Russian President Vladimir Putin speaks to Governor of Magadan Region Sergey Nosov via videoconference at the Novo-Ogaryovo residence outside Moscow, Russia, on Oct. 21, 2022. (AP)
Russian President Vladimir Putin speaks to Governor of Magadan Region Sergey Nosov via videoconference at the Novo-Ogaryovo residence outside Moscow, Russia, on Oct. 21, 2022. (AP)

The International Criminal Court said on Friday it issued an arrest warrant for Russian President Vladimir Putin for war crimes because of his alleged involvement in abductions of children from Ukraine.

The court said in a statement that Putin "is allegedly responsible for the war crime of unlawful deportation of (children) and that of unlawful transfer of (children) from occupied areas of Ukraine to the Russian Federation."

It also issued a warrant Friday for the arrest of Maria Alekseyevna Lvova-Belova, the Commissioner for Children’s Rights in the Office of the President of the Russian Federation, on similar allegations.

The move was immediately dismissed by Moscow and welcomed by Ukraine as a major breakthrough. Its practical implications, though, could well be negligible.

Even if the court has court has indicted world leaders before, it was the first time it issued a warrant against one of the five permanent members of the UN Security Council.

The court’s president, Piotr Hofmanski, said in a video statement that while the ICC’s judges have issued the warrants, it will be up to the international community to enforce them. The court has no police force of its own to enforce warrants.

"The ICC is doing its part of work as a court of law," he said. "The judges issued arrest warrants. The execution depends on international cooperation."

The chances of a trial of any Russians at the ICC remains extremely unlikely, as Moscow does not recognize the court’s jurisdiction— a position it vehemently reaffirmed on Friday.

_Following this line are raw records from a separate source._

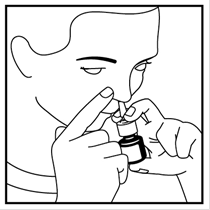 4. Placez la buse dans l’une de vos narines et fermez l’autre narine avec votre doigt - voir image 3. Pointez légèrement l’extrémité de la buse vers le côté extérieur, loin de la cloison nasale centrale. Ceci permet de pulvériser le médicament dans la bonne partie du nez.
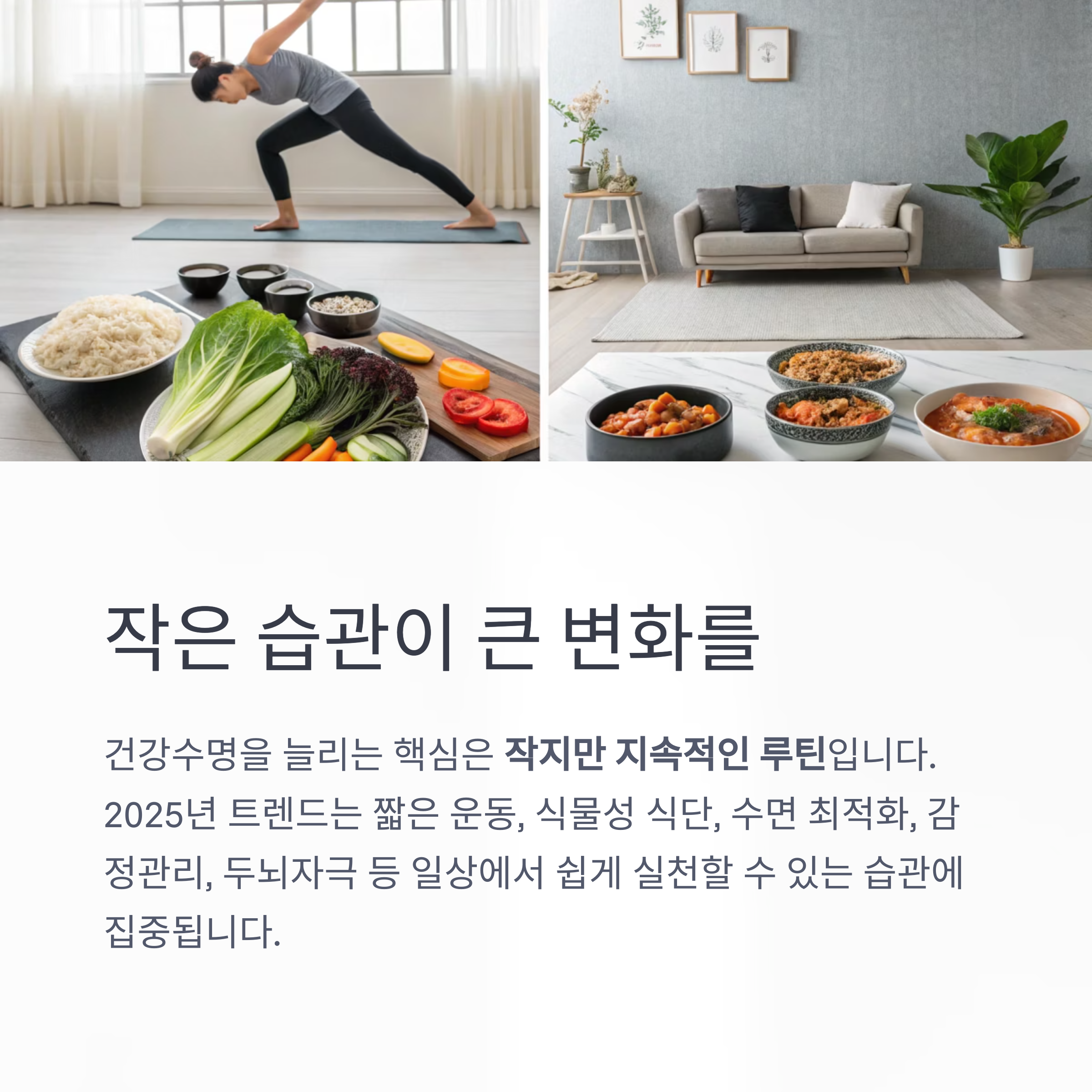 건강수명을 늘리는 핵심은 거창한 변화보다 작지만 지속적인 루틴입니다.
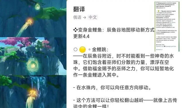 在原神4.4版本中,将会有一个新的地图——沉玉谷。而在这个新地图中,玩家们将能够通过变身金鲤鱼的方式来进行移动。可以说,这是一个非常有趣的创意,相信会给玩家们带来全新的体验。
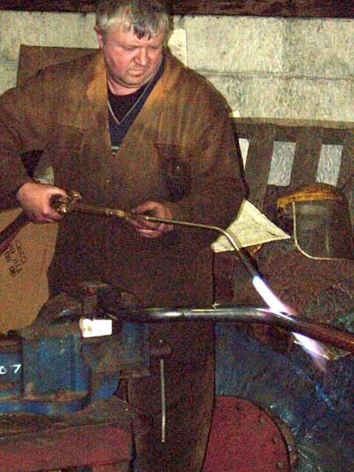 Dave Mitchell heating the vacuum ejector steam pipe prior to further bending.
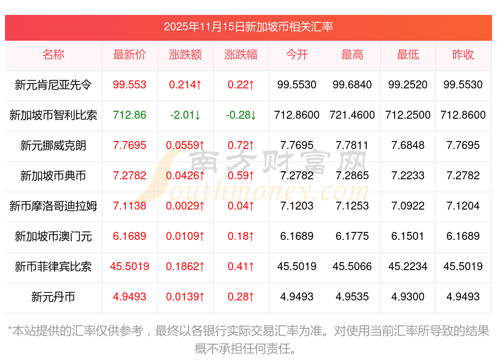 2025年11月15日新加坡幣相關(guān)匯率查詢
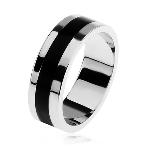 Popis produktu Lesklý stříbrný prsten 925, černý glazovaný pásek uprostřed - Velikost: 64
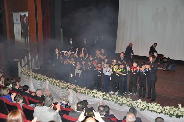 İlçe emniyet müdürü Ercan Çamırcı'nın özel projesi olan 10 Nisan polis haftası münasebeti ve 23 nisan çocuk bayramı kapsamında Çocuk gözüyle polis kısa film galası Erdem beyazıt kültür merkezinde yapıldı. Mavi Fikirler yapım fatih Özbey tarafından üstlenen Yaklaşık 6 ay süren bir çalışma ile okullarda 20 çocuk belirlenerek onlara film çekme teknikleri gösterilip senaryolarınında çocukların kendilerinin yazıp oynadığı 20 film galada gösterime girdi. Adeta istanbul emniyet müdürlüğü ve ilçe emniyet müdürlerinin Güngören'e çıkarma yaparcasına katıldığı film galasında hem duygusal anlar yaşandı, hemde başarılar ödüllendirildi. Galanın sunuculuğunu Mert Öğün'ün yaptığı kısa film galasında gösterime giren filmler tek tek seyire sunuldu. Açılış konuşmasında Ercan Çamırcı "Bu projeyi yapmakda amacımız Çocuklarımızn zihnindeki saf ve masum anlayışdan yola çıkarak Çocukların gözü ile polis nedir ve nasıl gözüküyor? Bu soruların cevabını ortaya çıkartarak polislik anlayışımızın gelişmesine katkısı olurmu bunu görmekdi. Çünkü çocuklar masumiyetin, saflığın simgesidir. "dedi. Galaya katılan ilçe kaymakamı Zafer Orhan'da konuşmasında " Çocuklar umutlarımızdır. Ülkemizin ve bizim geleceğimizdir. Bu projeye emeği geçen herkese teşekkür ediyorum. Ayrıca polis bayramınızı kutluyorum. Çok özverili çalışıyorsunuz. Bu toplum sizlerin sayesinde huzurlu uyuyor. Fedekarca görev yapmış şehitlerimiz ruhlarıda şad olsun"dedi. Regaip kandili olmasından dolayıda katılımcıların kandilini kutladı. Filmlerin gösterimi sonrasında emeği geçenlere plaketler verildi. Çocuklarda ggalanın anısına heö plaket hemde madalyon alarak geceye damgasını vurdular.Galanın sponsorları olan Kale Center yönetim kurulu üyesi Alp Gürün'e ve Mega tekstil yönetim kurulu başkanı Selahattin Sarı'ya plaketler taktim edildi. Geceye İl emniyet müdür yardımcılarından Selami Türker,Bahattin Küçük, Murat Ulucan ve Eşi, Erkin Adalar ve Eşi, Haydar Karsavuranoğlu, Reşat Demirel,Güngören'de eski ilçe emniyet müdürlüğü yapmış Organize şube müdürü Ömer Burak Aktaş ve eşi, Muhabere elektronik şube müdürü ümit Tazecan ve oğlu, Güven timleri şube müdürü Erhan Alemdar ve yardımcısı Zafer Baybaba, Basın halkla ilişkiler şube müdürü ve aynı zamanda Sultangazi ilçe emniyyet müdür vekili Haydar özdemir, Fatih İlçe emniyet müdürü Murat Şahin ve oğlu, Bayrampaşa lçe emniyet müdürü Aytekin Uyar ve eşi, Kadıköy ilçe emniyet müdürü Kenan Kurt ve eşi, Bağcılar ilçe emniyet müdürü Erdem Bursalı, geceye katılarak renk kattılar.. Emniyeti güçlendirme dernek başkanıda olan iş adamı Bahadır grup yönetim kurulu başkanı Saim Bahadır, İlçe milli eğitim müdürü Yusuf Kahraman, Zenginli otomotiv yönetim kurulu başkanı Kamil Zenginli, Karaman Ayrancı dernek başkanı Hüseyin Uyanık , İkevKaramanlılar vakfı başkanı Suat Yıldırım ve başkan yardımcısı Adem Kırnaz gecede hazır bulunurken ilçe emniyet müdürlüğü yardımcısı Oğuz Kaan ile amir ve memurları tam kadro gelen misafirlerini ağırlayıp uğurladılar. Gösterimde bulunan filmlerin konuları hep değişik olması münasebetiyle her filmi seyir eden katılımcılar heyecan yaşadılar. Küçük çocukların gözünde polis imajını bir aile, bir dost ve arkadaş olarak algıladıklarını gösterdi. Kale Center yönetim kurulu üyesi Alp Gürün gala gecesini değerlendirirken "Seyrettiklerimiz çok samimi. Çocukların duygularını yansıttığını düşündüm. Çok isabetli buldum"dedi. Sanatcı Olcak Bolelli ise geceye katılarak polise verdiği destek şarkısını çocuklarla beraber seslendirirken geceye renk kattı.
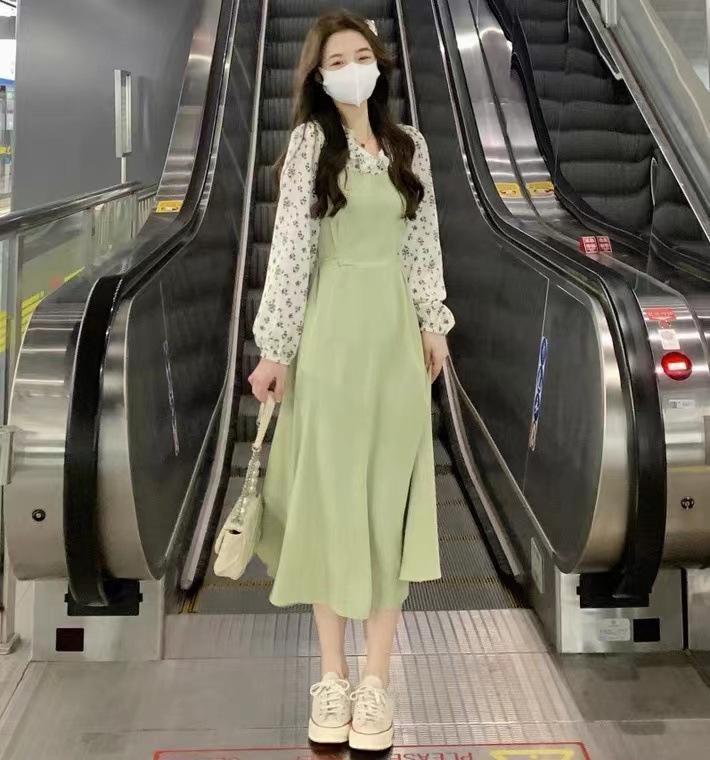 - 【グリーン★M】長袖 花柄ブラウス レイヤード風ワンピース
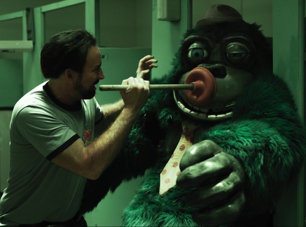 Although he says NOT A SINGLE LINE in this film, Nicolas Cage is the perfect actor for this type of bonkers film because he often plays an erratic, quirky fighter of a guy who takes full advantage of his “action film” status but employs it with an over-expressive style that hinges on the melodramatic. If he weren’t such an expressive actor, with his face, mannerism, and body, the “intentional mute” role would have fallen pretty flat other than seeing a man who takes his job seriously while also fighting and killing 8 animatronic monsters while never missing a break (or a beat). This is a horror comedy and Nicolas Cage makes both work well together. Like peanut butter and jelly.
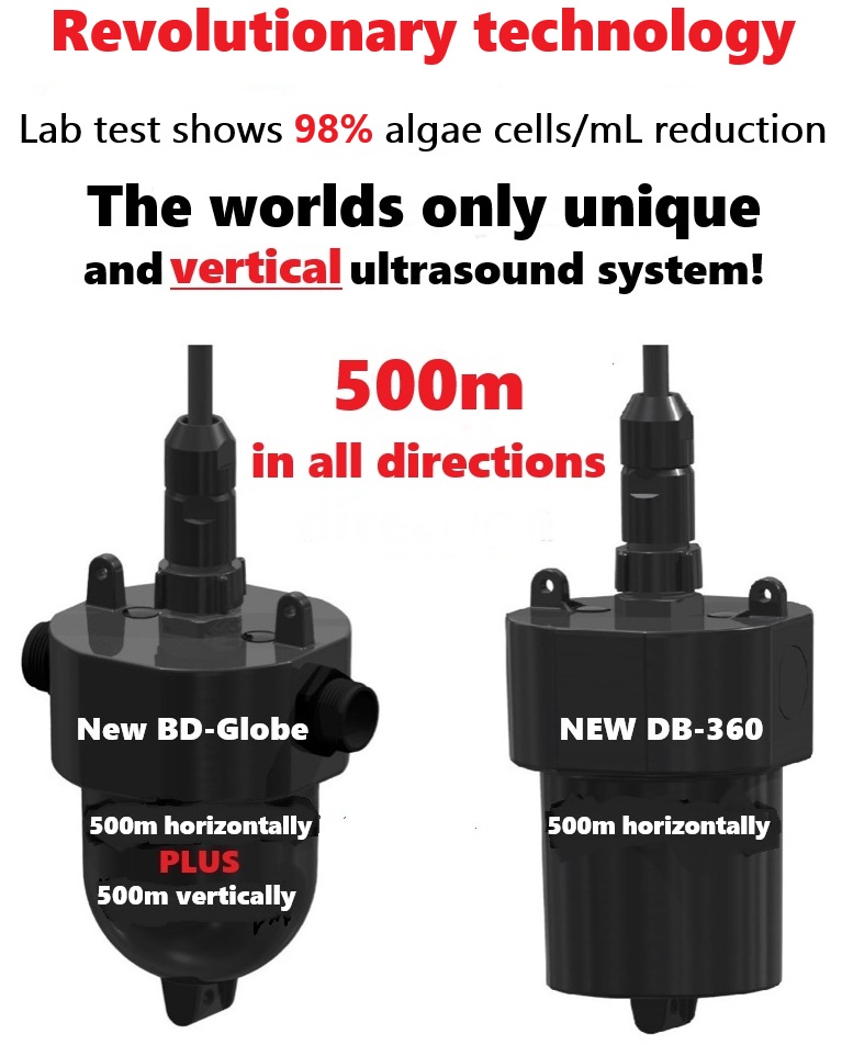Only ALGAEFREE DB-GLOBE transducer transmits ultrasound waves 500m VERTICALLY and HORIZONTALLY!
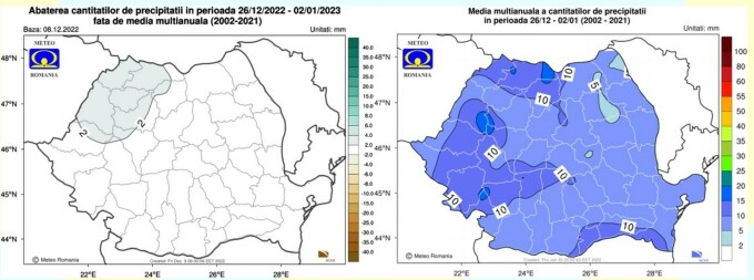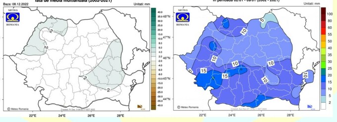 Transilvania și Moldova vor avea valori în jur de -2 grade Celsius, iar în restul țării media va fi între -1 și 0 grade Celsius. Cât despre precipitații, specialiștii meteo anunță că vor fi apropiate de cele normale pentru acest interval, în toate regiunile, potrivit prognozei ANM.

Kremlin spokesman Dmitry Peskov insisted that Russia doesn’t recognize the ICC and considers its decisions "legally void." He added that Russia considers the court’s move "outrageous and unacceptable."

Peskov refused to comment when asked if Putin would avoid making trips to countries where he could be arrested on the ICC’s warrant.

Ukrainian officials were jubilant.

"The world changed," said presidential adviser Mykhailo Podolyak. Foreign Minister Dmytro Kuleba said the "wheels of justice are turning," and added that "international criminals will be held accountable for stealing children and other international crimes."

Olga Lopatkina, a Ukrainian mother who struggled for months to reclaim her foster children who were deported to an institution ran by Russian loyalists, welcomed the news of the arrest warrant. "Good news!" she said in an exchange of messages with the Associated Press. "Everyone must be punished for their crimes."

Ukraine also is not a member of the international court, but it has granted it jurisdiction over its territory and ICC prosecutor Karim Khan has visited four times since opening an investigation a year ago.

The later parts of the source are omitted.